Вот про «Пчеловодство» стоит рассказать подробнее. Идея ее была в том, что те, кто не пришел в Измайлово, решили организовать выставку в помещении. «Пчеловодство» возникло тоже как результат Измайлово: кое-кто побоялся там выставиться, и стали искать альтернативу, стали просить выставку в помещении. И на этот раз уже все разрешили, и туда пошли все: и Плавинский, и Краснопевцев, и Штейнберг… Причем мы вспомнили о наших МОСХовских знакомых – Кабакове, Свешникове – и пригласили их участвовать, чтобы расширить круг художников. Сначала оба согласились. Кабакову мы выделили лучшую стенку. Но надо было видеть, как он отказывался. Это надо было записывать! Он же мастер объяснять свои поступки. Он говорил час, не меньше, а там со мной был Отари Кандауров, который в конце концов патетически воскликнул: «Илья, я вас не понимаю! Мы вас выставляем как героя времени! Если судьба вас бросит под забор, мы вас из-под забора поднимем на руках и понесем как знамя свободы в искусстве!»

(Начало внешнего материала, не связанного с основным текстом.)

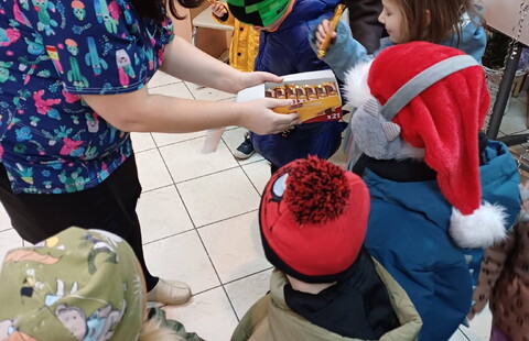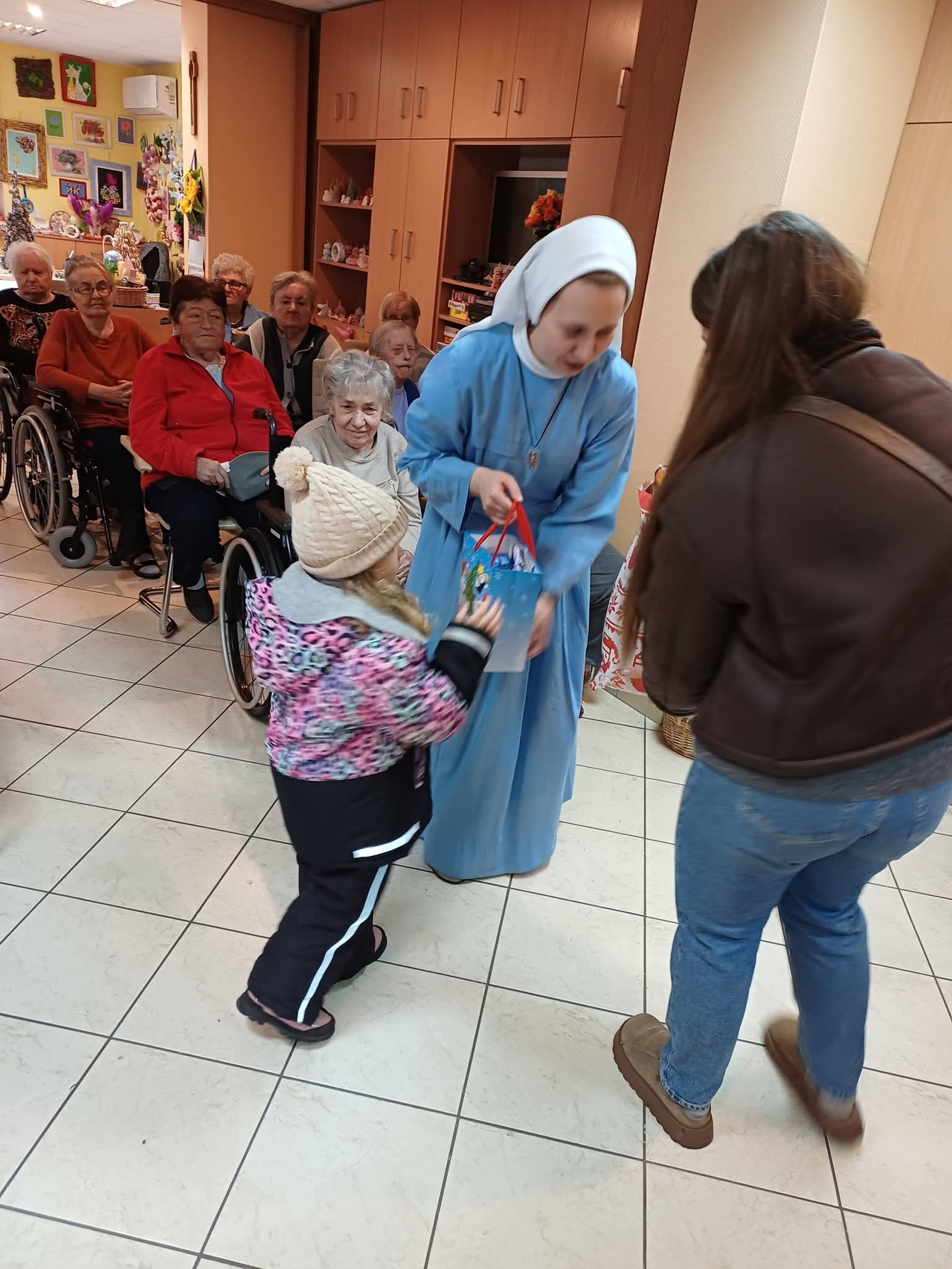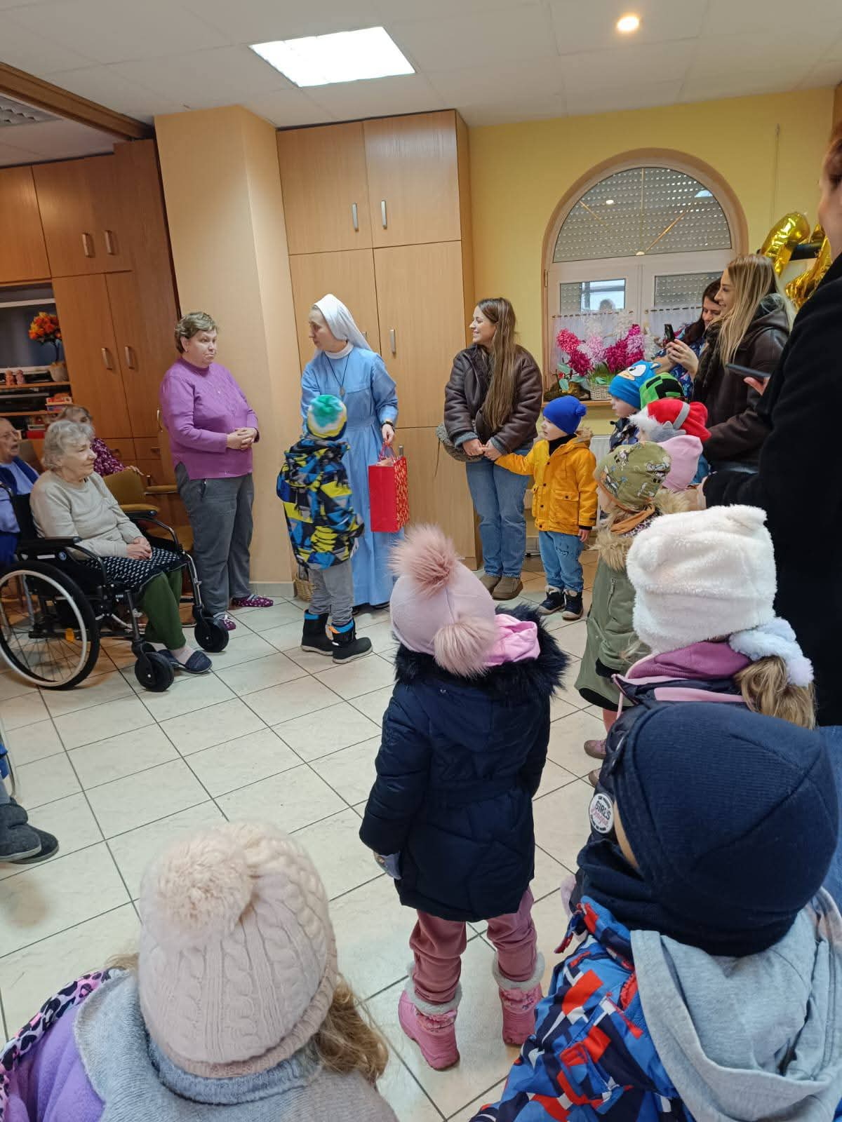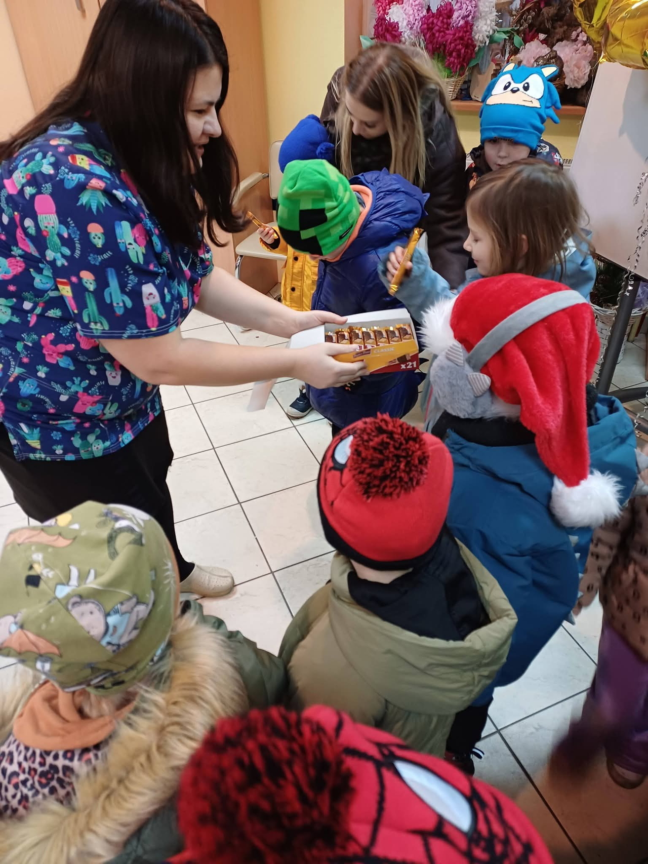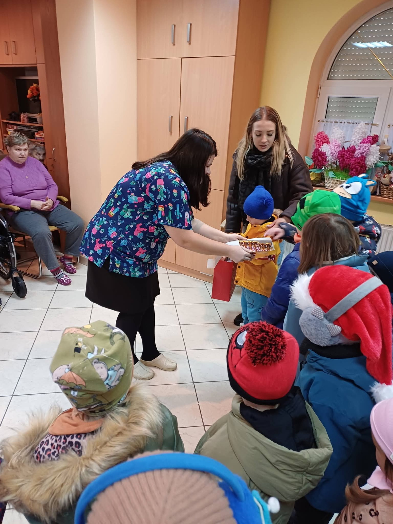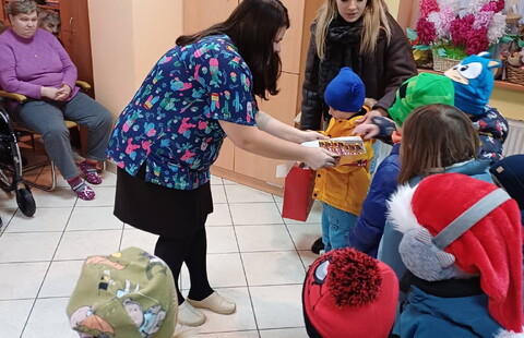 Dziś dzieci z Przedszkola Kot w butach odwiedziły naszych Mieszkańców. Na początku przekazały świąteczne paczki przygotowane w ramach akcji "Paczka dla Seniora". Każda paczka wypełniona była ręcznie robionymi upominkami, w których widać ogrom włożonego serca.

Я потом долго пытался представить себе, как Кабакова вынимают из-под забора и несут по улицам как знамя, но картина не получалась…
А Илья все говорил о том, что ему такое пространство не подходит, что обстановка совершено не та, а потом выяснилось, что и к нему, и к Свешникову приходили чиновники из МОСХа и говорили примерно следующее: «У тебя мастерская есть? Работы есть? Все хорошо? И что, ты хочешь, чтобы у тебя ничего не было? Хочешь, чтобы было плохо? Ну, иди…»
Когда появился концептуализм, его сопровождала масса текстов, появилась вербальность. Слово стало играть очень большую роль в восприятии картины – вспомнить хоть того же Кабакова, хоть «Васю» Кизевальтера. И потому для концептуалистов и некоторых других групп художников был очень важен самиздат. И для поэтов, конечно. Для нас же, живописцев, самиздат такой роли не играл: не было ни каталогов, ни записей.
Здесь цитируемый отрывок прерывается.